「絵美ちゃん、ちょっと相談があるのよ。今年はね。典子さんも進さんも8月の中旬まで、富士見の山荘に行けそうもないんですって、、、」
絵美子は母の言葉が終わらないうちに、不服そうに口を挟んだ。
「まあ!今年はお父様も駄目、おじいちゃまも夏祭りの世話役で行けないんじゃ、お母様も居残りでしょう」
例年、田島家の人々は真夏の暑さや、観光客と海水浴の人々のざわめきを避けるように八ヶ岳の高原で夏のひと時を過ごしてきたのである。

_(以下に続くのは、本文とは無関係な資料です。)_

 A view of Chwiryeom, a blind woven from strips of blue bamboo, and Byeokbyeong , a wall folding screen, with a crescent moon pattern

「だからね、絵美ちゃん、典子さんはあなたの車で良介さんと和江さんを一緒に連れて行ってくれないかというのよ。今年は色々忙しいでしょ。新病院のこともあるし、、、。私も15日の諏訪湖の花火大会にはいけるから、それまで若い人たちだけで過ごすというのは、どうかしらね。その代わり、今年は花火大会、招待席で見れることになっているのよ」
「ワァ、素敵!いいわよ。今年は特別ですもの。大人がいないほうが楽しいこともあるもの」と、いたって、絵美子は正直である。

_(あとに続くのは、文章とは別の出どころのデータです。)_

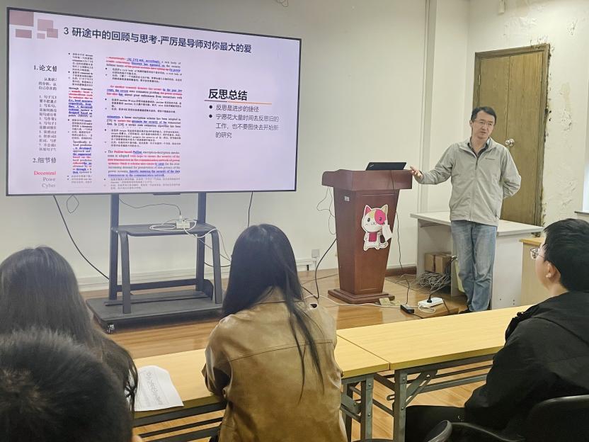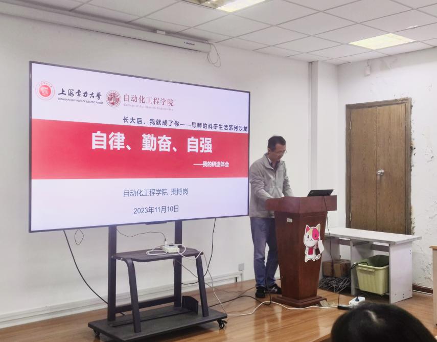 本次主题沙龙,渠老师从自我介绍、个人成长经历、研途中的回顾与思考三个方面来展开。首先渠老师强调了树立良好的学术态度的重要性,在结合自己的大学经历说到,学习过程中会伴随着苦与乐,要学会与身边同学合作开展科研工作。鼓励同学们积极参加科创类比赛,在实践中不断提高自我,成为一名创新性人才。而后分享自己在读博初期研究方向从工程实践到理论研究的痛苦转变,当时的每一天都在失眠中煎熬,每一天都在自律中坚持。不经历风雨如何见彩虹,也让我们看到学术研究其实是个苦中作乐的过程。

「でも、あまり気ままにしては駄目よ。管理人の安野さんご夫婦には、いつも面倒ばかり掛けているんですからね。すべて任せきりにしないで、じぶんたちのことぐらいはやって下さいよ」
「はい、はい。お母様」と綾子に生返事をすると、絵美子は典子のほうに向き直り、
「叔母様、それで良介くんと和江さんはいつごろ行けるんですの」と心は高原に飛ぶ。